I have the first Rutles album, but not the second. It’s fun to listen to. Neil Innes did a fantastic job writing Beatles pastiches. His Lennon songs are perfect. So perfect that “Cheese and Onions” has shown up on Lennon bootlegs. (“Cheese and Onions,” by the way, is the Rutles’ “A Day In The Life.”) His McCartney songs are perfect. And that he gets George Harrison is nothing short of amazing.
Harrison, of course, appears in All You Need Is Cash, as a reporter covering the Rutles.
The Rutles aren’t for everyone. If you think you can take a Monty Python-esque take on the Beatles, then check out All You Need Is Cash. It’s one of the rare instances where British and American comedic talent comes together and works.
And the music may send you out looking for the soundtrack CD. 🙂
It’s fab music, from the Prefab Four!
That tribute concert would be so fantastic to see. The Fab Four’s website offers five of the Rutles songs as they perform them, and it’s a bit strange to hear, actually. The Fab Four sound remarkably like the Beatles (seriously, pick up either of their Christmas CDs sometime), and to hear the Rutles’ songs sounding more Beatle-y than even Neil Innes could make them is amazing. I hope there’s a full CD of this released; it would be awesome, and I’d buy it instantly. 🙂
Rutlemania! It’s like 1978! All over again!
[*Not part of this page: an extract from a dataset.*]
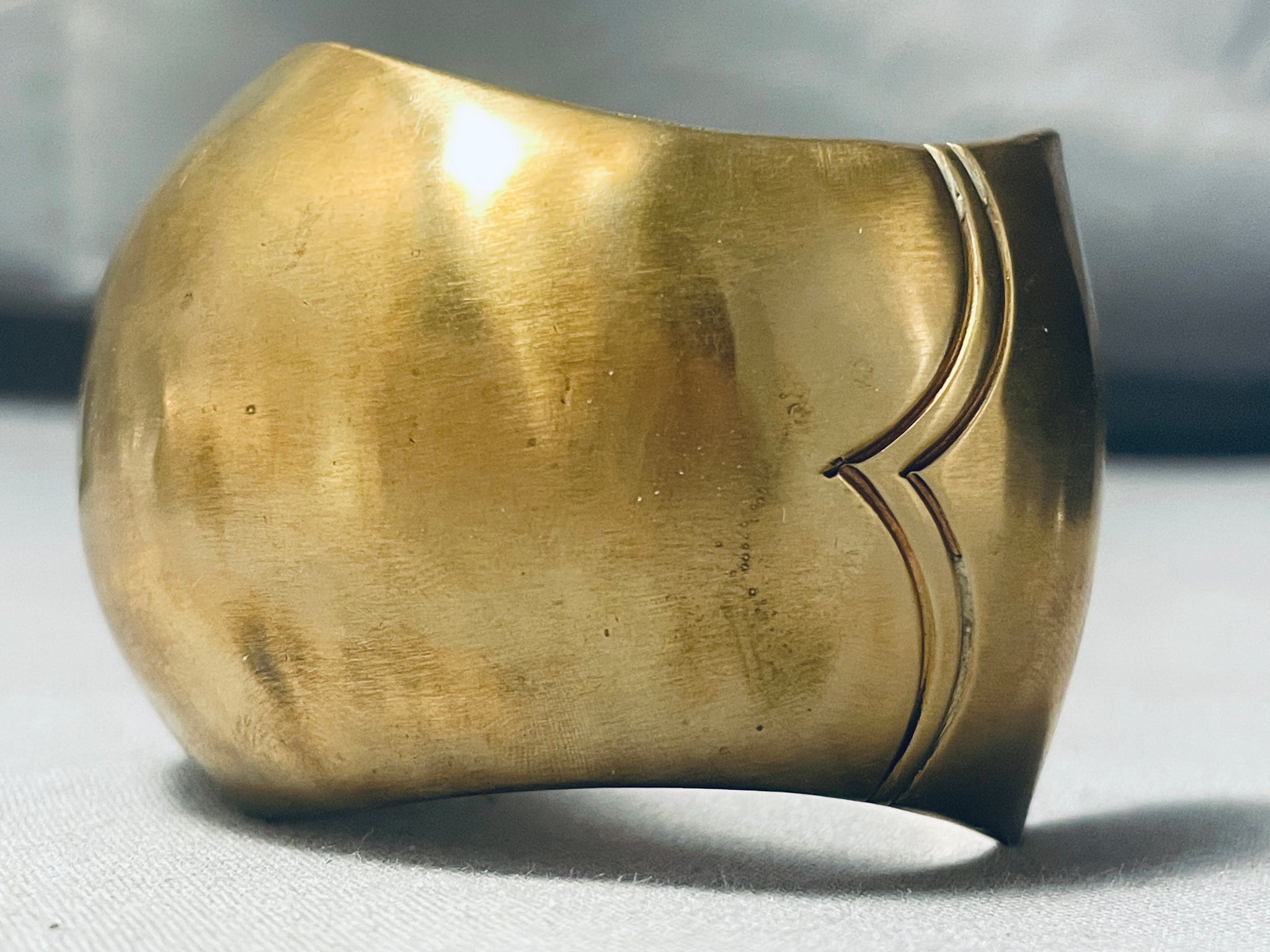 Important Vintage Native American Navajo Orville Tsinnie (d) Brass Hammered Bracelet

If you enjoyed the Rutles first album, you should check out Archaeology (their second). As good as the first album was in its Beatles’ pastiches, this second album brings with it a more consistent, tighter focus, since it focuses more on the later Beatles career. Major Happy’s Up and Coming Once Upon a Good Time Band into Rendezvous (with ‘Barry’ singing, with a humorous callback vocal from the others, leading back into the middle 8) is cool… We’ve Arrived (And To Prove It We’re Here), is a cool ‘Back in the USSR’ pastiche (fading out with ‘number two, number two, number two’)… Back in ’64 (obviously based on ‘When I’m 64) has one of my favorite Rutles lines, ‘Back in ’64 before you were born / people had no time for pouring scorn (or scoring porn)’.
Anyway… enough babbling… cool site… I’m a huge Beatles fan… and I always liked the Rutles, Neil Innes did a good job… with both albums…
I keep meaning to pick up Archeology, and I’ve just never gotten around to it.
The Fab Four ultimately released six tracks from Rutlemania, and I’ve enjoyed those a great deal. 🙂
I’ve heard they’re going to do another set of Rutlemania performances. Maybe they’ll come down near the DC metro area. I can hope, anyway. 🙂
(And I had to spring this comment from comment purgatory. I don’t know why it landed there. If it happens again, just shoot me an e-mail through the Contact button up top, and I’ll know to look for it.)